WORK TO BE COMPLETED
Word for word, copy the line containing "Микшер DGNOG, PA-8, аналоговый, 8" and every line after it in the records below, leaving pictures out.

*** INFORMATION SHOWN ***

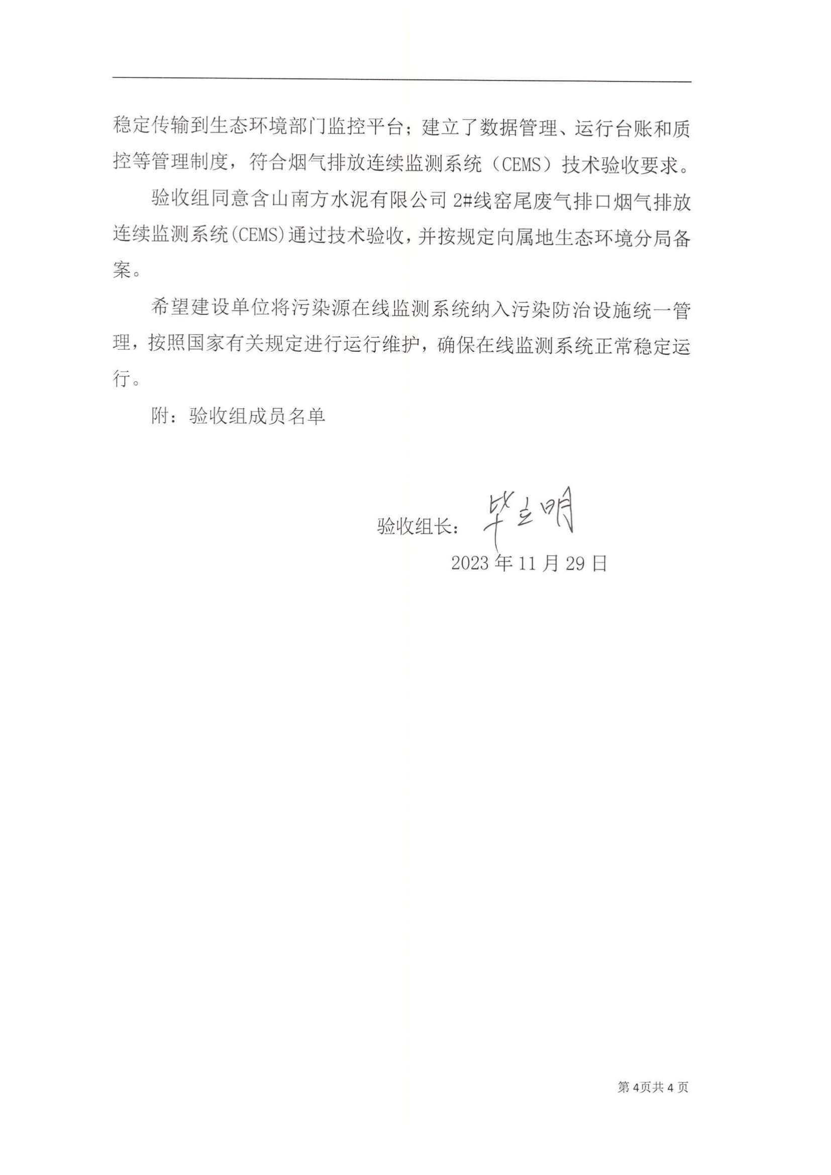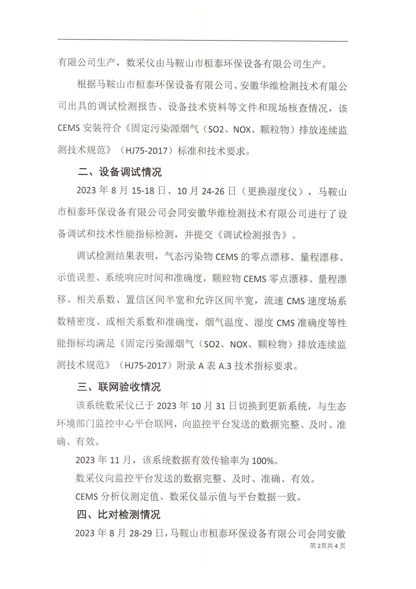 含山南方水泥有限公司2#线窑尾废气排口烟气排放连续监测系统技术验收意见
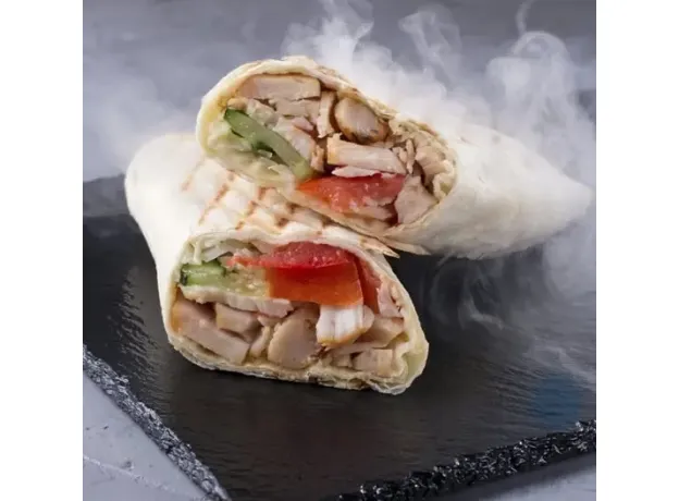 Курица, помидор, огурец, капуста, морковь по корейски, лук, соус сливочно чесночный, соус томатный.
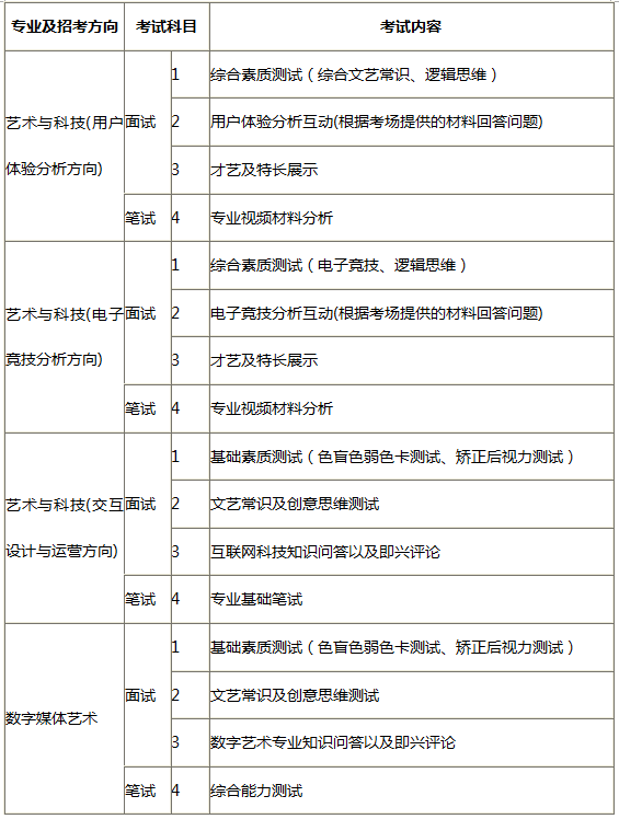 (?表演(服装表演方向)、数字媒体艺术、艺术与U技(交互设计与运营方?及播音与L艺术(英播、法播、西播方?四个专业在北京不设考,h考该专业的北
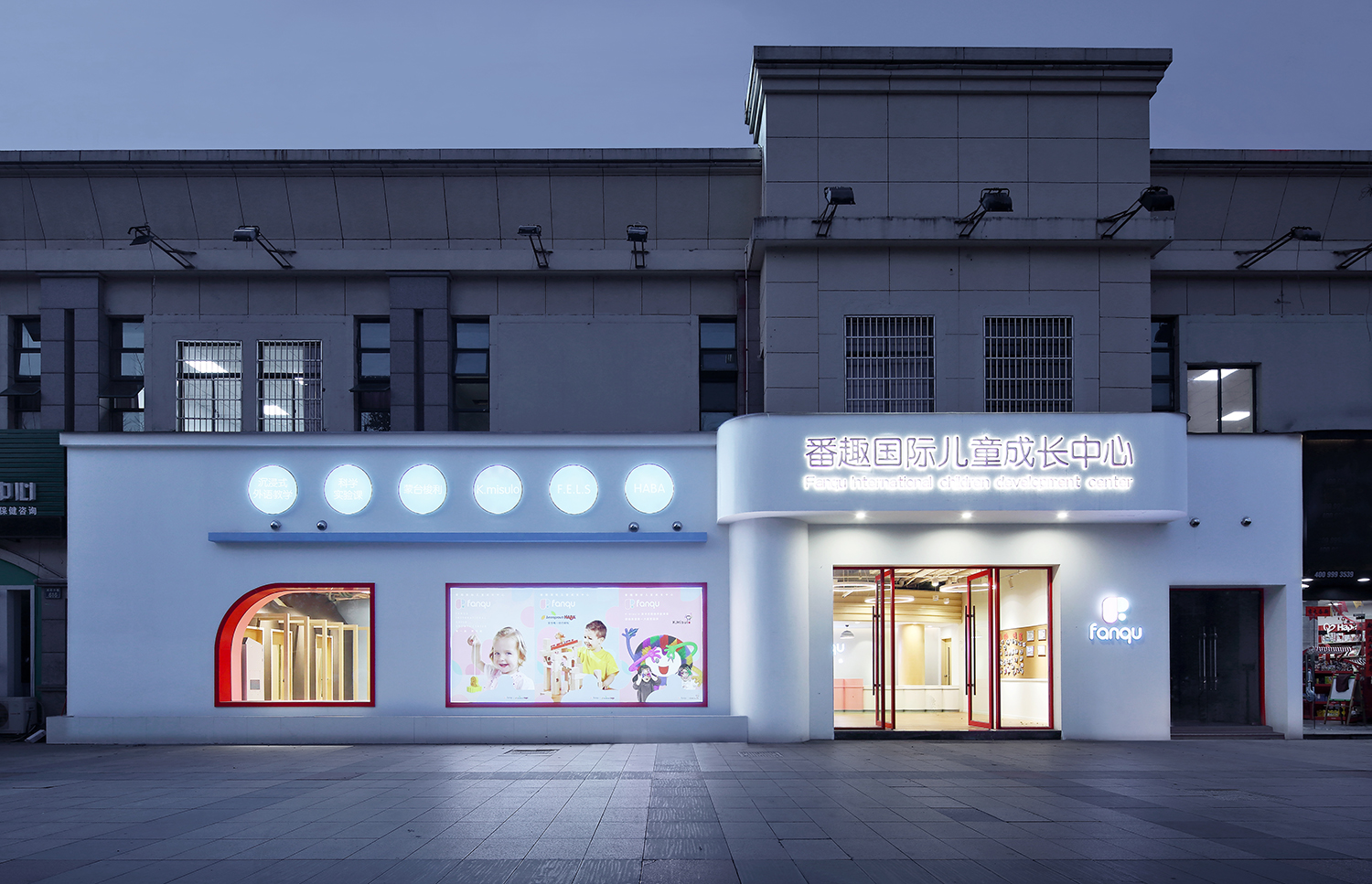 設計師延伸“番趣”的品牌形象,打造項目主入口外觀,品牌元素與園區的展示需求相融合,構成明凈活潑的外觀形象。門頭和前臺造型取自品牌“F”元素,以親切的姿勢歡迎小朋友和家長的到來。
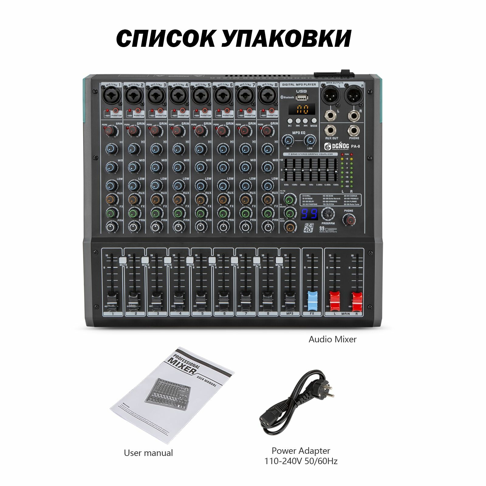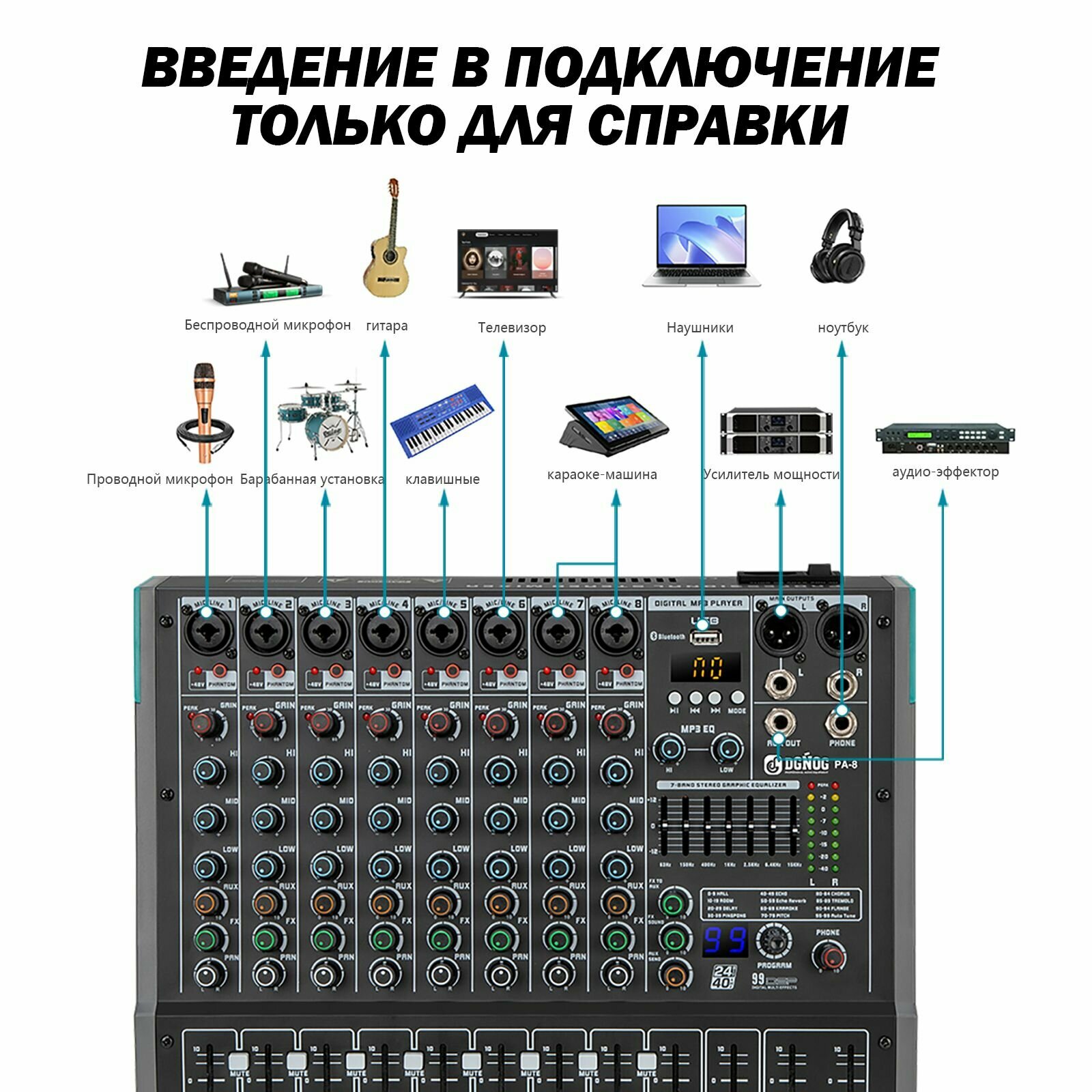 Микшер DGNOG, PA-8, аналоговый, 8 каналов, фантомное +48В, Bluetooth, чёрный интересное:
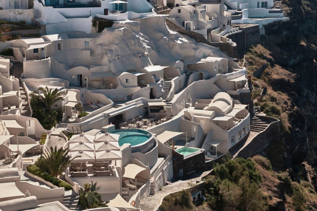 Mystique ist ein beliebtes Ziel für Flitterwochen und romantische Rückzugsorte. Die 41 Suiten und Villen, zwei Swimmingpools, ein asiatisches Spa sowie ein modernes Fitnessstudio sind durch gepflasterte Wege miteinander verbunden und bieten einen unvergleichlichen Panoramablick auf das Meer und den aktiven Vulkan, der die Landschaft dieser außergewöhnlichen Insel geprägt hat. Die im Höhlenstil erbauten Suiten und Villen aus Naturstein verfügen über abgeschiedene Terrassen mit Blick auf die tiefblaue Ägäis und den Vulkan. Jede Unterkunft ist mit viel Liebe zum Detail eingerichtet, wobei lokale Materialien wie Treibholz und Stein im Vordergrund stehen.
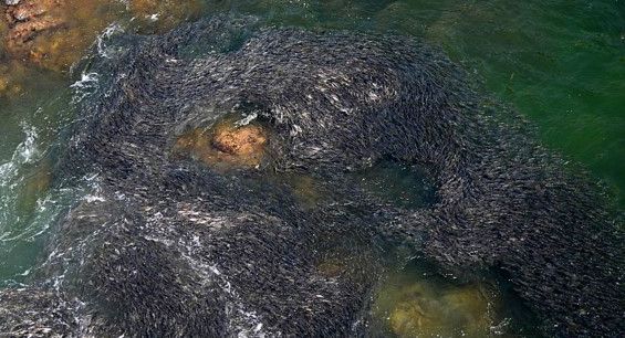 居民們靠近這些魚群以後,發現這些小魚的體積都很小,單個長度只有短短的幾厘米,但是魚群聚集的數量卻非常多,密密麻麻的根本數不過來,遠遠看去還有些讓人心裡瘮得慌。

*** End of INFORMATION SHOWN ***

THE ANSWER
 Микшер DGNOG, PA-8, аналоговый, 8 каналов, фантомное +48В, Bluetooth, чёрный интересное:
 Mystique ist ein beliebtes Ziel für Flitterwochen und romantische Rückzugsorte. Die 41 Suiten und Villen, zwei Swimmingpools, ein asiatisches Spa sowie ein modernes Fitnessstudio sind durch gepflasterte Wege miteinander verbunden und bieten einen unvergleichlichen Panoramablick auf das Meer und den aktiven Vulkan, der die Landschaft dieser außergewöhnlichen Insel geprägt hat. Die im Höhlenstil erbauten Suiten und Villen aus Naturstein verfügen über abgeschiedene Terrassen mit Blick auf die tiefblaue Ägäis und den Vulkan. Jede Unterkunft ist mit viel Liebe zum Detail eingerichtet, wobei lokale Materialien wie Treibholz und Stein im Vordergrund stehen.
 居民們靠近這些魚群以後,發現這些小魚的體積都很小,單個長度只有短短的幾厘米,但是魚群聚集的數量卻非常多,密密麻麻的根本數不過來,遠遠看去還有些讓人心裡瘮得慌。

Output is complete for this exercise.